#### [Brief]
Your copy should contain exactly the lines from the start of the listing through the line that holds "Distribution of the", and no pictures.

#### [Data extract]
== == ==
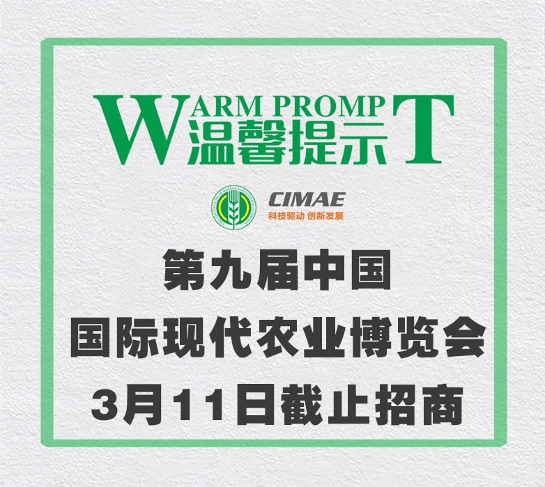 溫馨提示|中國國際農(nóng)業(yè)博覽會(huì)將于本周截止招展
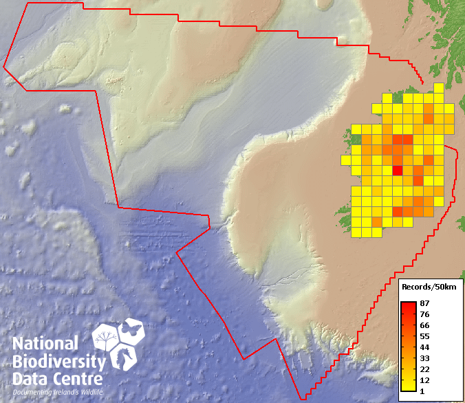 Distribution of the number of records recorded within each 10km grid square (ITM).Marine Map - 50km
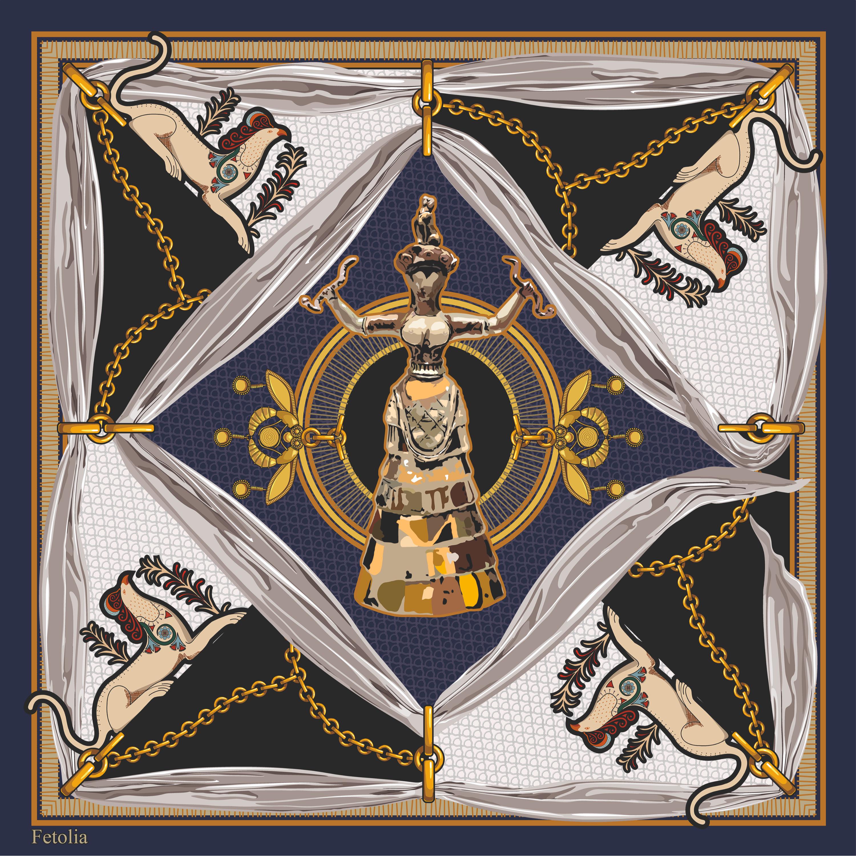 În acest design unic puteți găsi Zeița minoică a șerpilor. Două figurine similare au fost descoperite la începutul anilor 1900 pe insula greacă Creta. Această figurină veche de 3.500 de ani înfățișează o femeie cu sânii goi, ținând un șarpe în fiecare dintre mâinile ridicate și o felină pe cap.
== == ==
#### [Finished task]
 溫馨提示|中國國際農(nóng)業(yè)博覽會(huì)將于本周截止招展
 Distribution of the number of records recorded within each 10km grid square (ITM).Marine Map - 50km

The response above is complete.